Medan, Sihanouknewpost - Samia Suluhu Hassan adalah seorang wanita Muslim yang bersuara lembut yang didorong dari peran tidak jelas sebagai wakil presiden untuk menjadi pemimpin wanita pertama Tanzania setelah kematian mendadak John Magufuli.
Di bawah konstitusi Hassan, wakil presiden negara yang berusia 61 tahun, akan menjalani sisa masa jabatan lima tahun kedua Magufuli, yang tidak akan berakhir hingga 2025. Dia juga akan menjadi Presiden wanita pertama di Afrika Timur.
Setelah berkonsultasi dengan partai politik yang berkuasa di Chama Cha Mapinduzi, Suluhu akan mengusulkan penggantinya sebagai Wakil Presiden - dengan pengangkatan resmi dikonfirmasi oleh Majelis Nasional melalui pemungutan suara tidak kurang dari 50% dari semua Anggota Parlemen.
Apa yang kita ketahui tentang Suluhu?
Suluhu lahir pada tahun 1960 di Zanzibar, bekas pusat perbudakan dan pos perdagangan di Samudra Hindia.
Zanzibar yang saat itu masih menjadi kesultanan Muslim tidak bergabung secara resmi dengan Tanzania daratan selama empat tahun lagi.
Dia lulus dari sekolah menengah tetapi mengatakan di depan umum bahwa hasil akhirnya buruk, dan dia mengambil pekerjaan juru tulis di kantor pemerintah pada usia 17 tahun.
Pada tahun 1988, setelah melakukan studi lebih lanjut, dia naik pangkat menjadi petugas pembangunan di pemerintahan Zanzibari.
Dia dipekerjakan sebagai manajer proyek untuk Program Pangan Dunia PBB (WFP) dan kemudian pada 1990-an diangkat menjadi direktur eksekutif dari badan payung yang mengatur organisasi non-pemerintah di Zanzibar.
Dia adalah anggota parlemen untuk daerah pemilihan Makunduchi dari 2010 hingga 15 dan telah menjadi Menteri Negara di Kantor Wakil Presiden untuk Urusan Persatuan sejak 2010.
Pada 2014, ia menjabat sebagai wakil ketua Majelis Konstitusi yang bertugas menyusun konstitusi baru Tanzania.

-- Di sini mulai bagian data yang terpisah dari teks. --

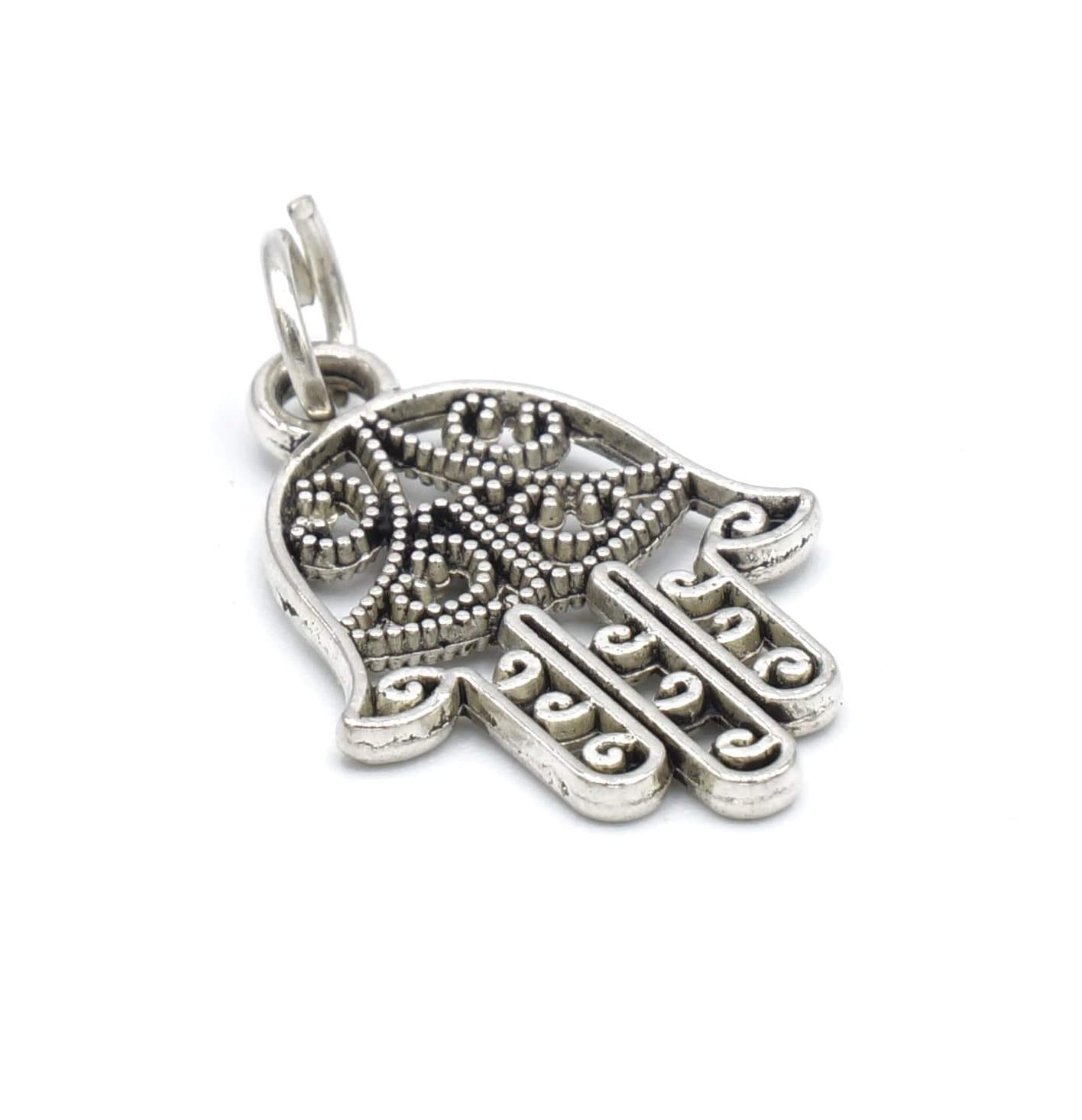 Dit is ons enige hamsa hangetje in onze collectie ontwikkeld door Peruaanse ambachtslieden voor Alpakah by 2be-Aware. De duurzame Duitse zilver zal je leveren een one-of-a-kind hanger dat moeilijk te vinden is. Deze fantasie-bijouterie sieraad is delicaat en dus ook zijn schakel. Hoewel zeer klein, zal het bij de meeste kettingen passen en altijd opvallen. Zoals bij alle producten, we hebben er slechts één op voorraad. Verwen uzelf met deze unieke en aparte hanger!

Suluhu menikah dengan Hafidh Ameir, seorang pensiunan petugas pertanian, dan bersama-sama mereka memiliki tiga putra dan seorang putri.
Putri mereka Mwanu Hafidh Ameir adalah anggota DPR Zanzibar.
Suluhu adalah salah satu lingkaran kecil wanita yang memimpin negara-negara Afrika Timur. Burundi sempat memiliki penjabat presiden wanita pada tahun 1993, sementara Mauritius dan Ethiopia telah menunjuk wanita untuk peran seremonial presiden.